Following their impressive 5–1 demolition of the Spanish, there was plenty more entertainment in the Netherlands’ second match, although the men in orange were not on top form and were pushed all the way in Porto Alegre by the muscular and surprisingly skilful Australians. Robben capped a wonderful solo run in the 20th minute to score his third goal of the tournament and hand his side the lead.

Robben: That wasn't good

“It's a dangerous situation after you've beaten the world champions 5–1. People treat you as favourites, but we’re not," commented Robben, “that wasn't good, but what matters is the three points." The Australians more than matched their illustrious opponents for long spells, equalising in the 21st minute with a superb Tim Cahill strike and taking the lead ten minutes into the second half through a Mile Jedinak penalty. But Van Gaal’s team fought back and edged the victory through Robin van Persie (58) and Memphis Depay (68).

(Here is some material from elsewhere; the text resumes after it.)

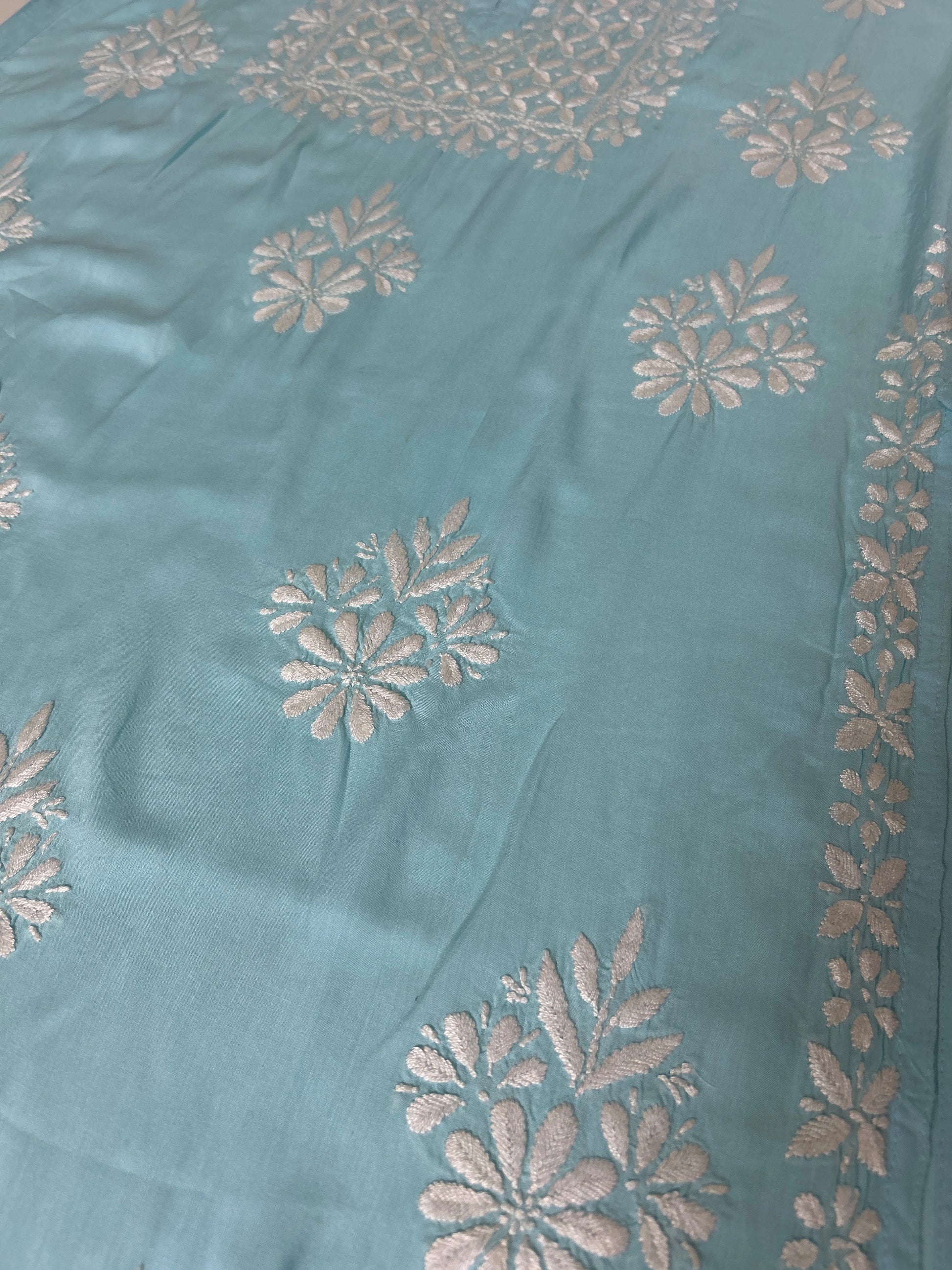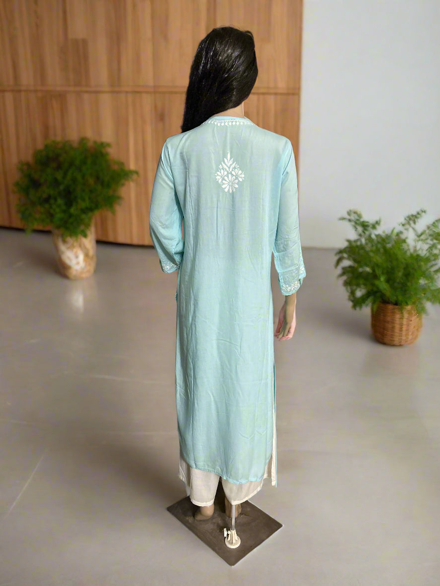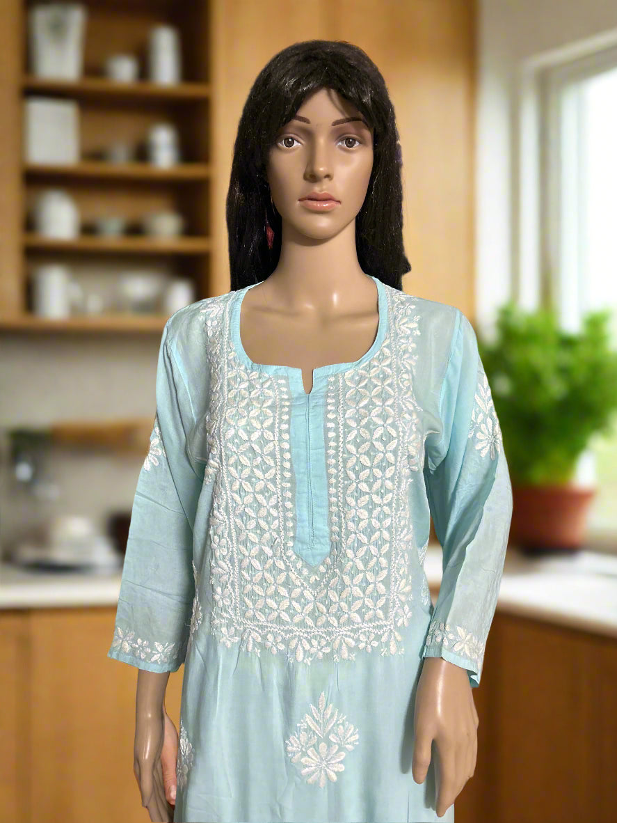 Lucknowi Chikankari Blue Modal Kurti-K60053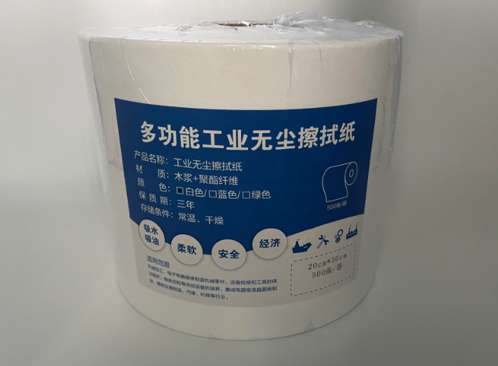 产品特点1、 原生木浆和聚丙烯纤维混合织造而成高性能擦拭大卷纸。2、 非常迅速其明显的吸收效果,不逊于棉布的强度和韧性。3、 不掉毛尘,防静电,干净卫生。应用场景1、 电子行业各类机器设备的擦拭清洁2、 制药行业生产设备的擦拭清洁3、 汽车制造行业各类生产设备的擦拭清洁4、 食品加工行业各类机器的擦拭清洁

In stark contrast, the out-of-sorts Spanish never got going against Chile, Martínez, preferred at centre-back to Barça star Gerard Piqué, was as powerless as his team-mates to prevent the hard-running South Americans from recording a famous victory. Eduardo Vargas (20) and Charles Aranguiz (43) scored the first half goals as the Chileans ran up an ultimately deserved success.

In the group standings the Dutch and Chile are level at the top on six points and face each other on the final matchday in a showdown for top spot. Both the Spanish and the Australians have no points and will play for pride alone. “I never thought we'd be leaving the World Cup after the first stage," lamented under-fire Spain boss Vicente del Bosque.